Казалось, посол не отдавал себе отчета в том, что он, видимо, пробуждал силы, способные помешать его карьере. Ему даже нравилось задевать «клубные чувства» оппонентов. С явным удовлетворением он писал жене, что «главный защитник» членов «очень престижного клуба» (Додд явно имел в виду Филлипса или Уэллеса) «совершенно не обеспокоен. Если он и атакует меня, то, безусловно, не открыто»[714].

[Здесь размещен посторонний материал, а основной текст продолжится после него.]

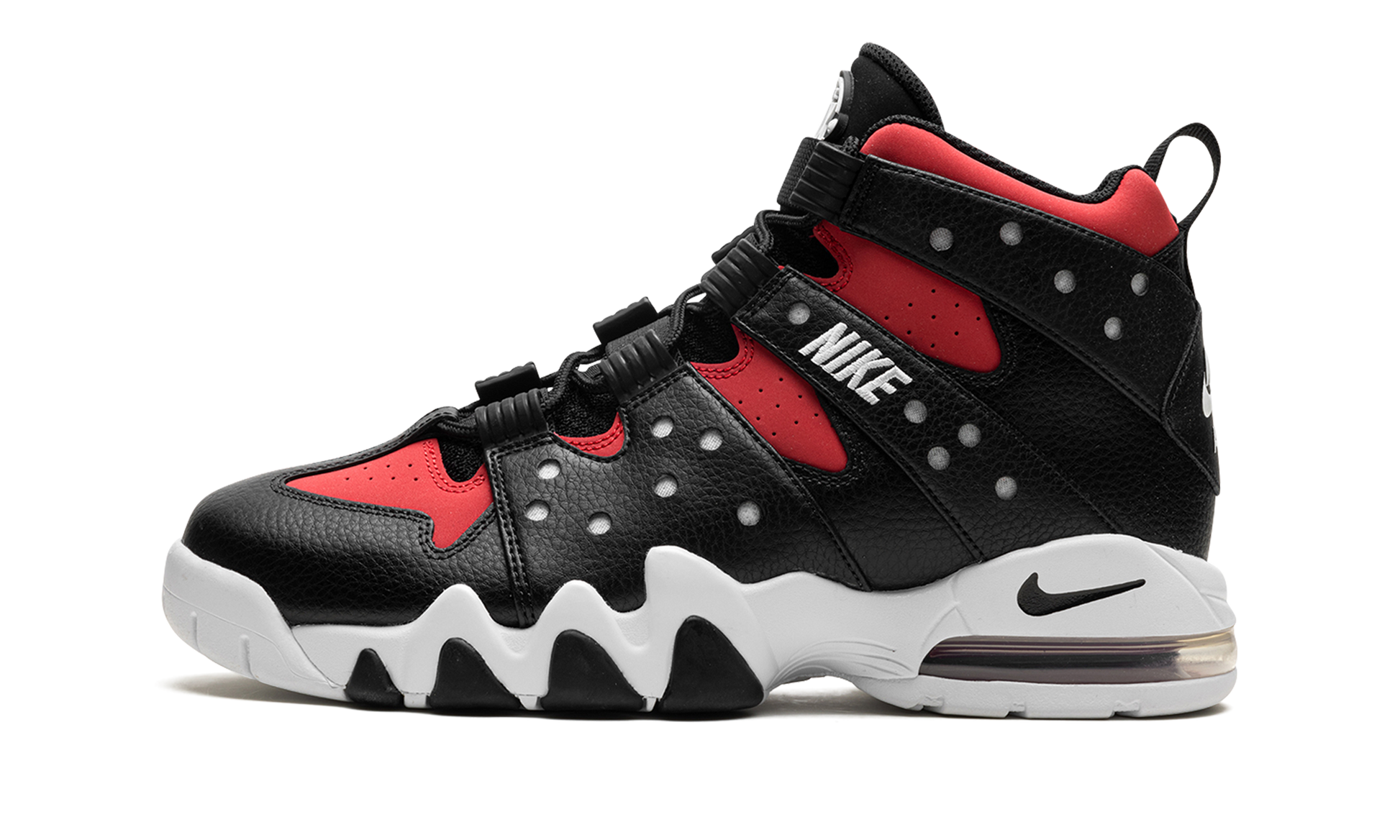 The Nike Air Max2 CB ‘94 “Gym Red” is a mostly two-tone, black-and-red colorway of Charles Barkley’s classic signature shoe. Debuted in 1994, the Air Max2 CB ‘94 was worn by the Basketball Hall of Famer with the Phoenix Suns back in the day, and is considered one of the very best performance hoops shoes of Nike’s ‘90s-era glory years. Quintessentially retro, the “Gym Red” is a Tinker Hatfield designed shoe inspired by the look of a straightjacket. The black leather overlays along the eyelets and midsole mimics the look of the confined garment. White “Nike” embroidery is stitched onto the midfoot harness that supports the lacing system and black accenting is located on the nylon tongue. A classic “Nike Air” logo is located on the heel and a mini Swoosh is seen on the back of the midsole. Like the original Air Max2 CB ‘94, this retro version of the shoe features a visible Air unit in the heel. Release date: Summer 2024 Gym Red

Глава 36Спасая полковника Дильса
Рудольф Дильс явно боялся все сильнее. В один из мартовских дней он снова обратился к Марте за помощью, на этот раз надеясь с ее помощью добиться содействия посольства США. Это было почти смешно: шеф гестапо просил помощи у американских дипломатов. Каким-то образом Дильс узнал о намерении Гиммлера арестовать его – возможно, именно в тот день. Он не питал никаких иллюзий: Гиммлер, несомненно, жаждал его смерти.
Дильс знал, что среди американских дипломатов у него есть союзники – посол Додд и генконсул Мессерсмит. Он полагал, что они, возможно, сумеют сделать его положение менее опасным, если донесут до представителей гитлеровского режима свою заинтересованность в его, Дильса, безопасности. Но он знал, что Додд в то время был в отпуске, и попросил Марту поговорить с Мессерсмитом, который к тому времени уже вернулся из отпуска, чтобы посмотреть, что тот может сделать.
Хотя, по мнению Марты, Дильс часто сгущал краски, на этот раз она поверила, что ему действительно грозит смертельная опасность. Она отправилась в консульство, чтобы встретиться с Мессерсмитом.
Марта «оказалась в весьма непростой ситуации», вспоминал Мессерсмит[715]. Она разрыдалась и сообщила генконсулу, что в тот день Дильса должны арестовать и что его «почти наверняка ждет смертная казнь».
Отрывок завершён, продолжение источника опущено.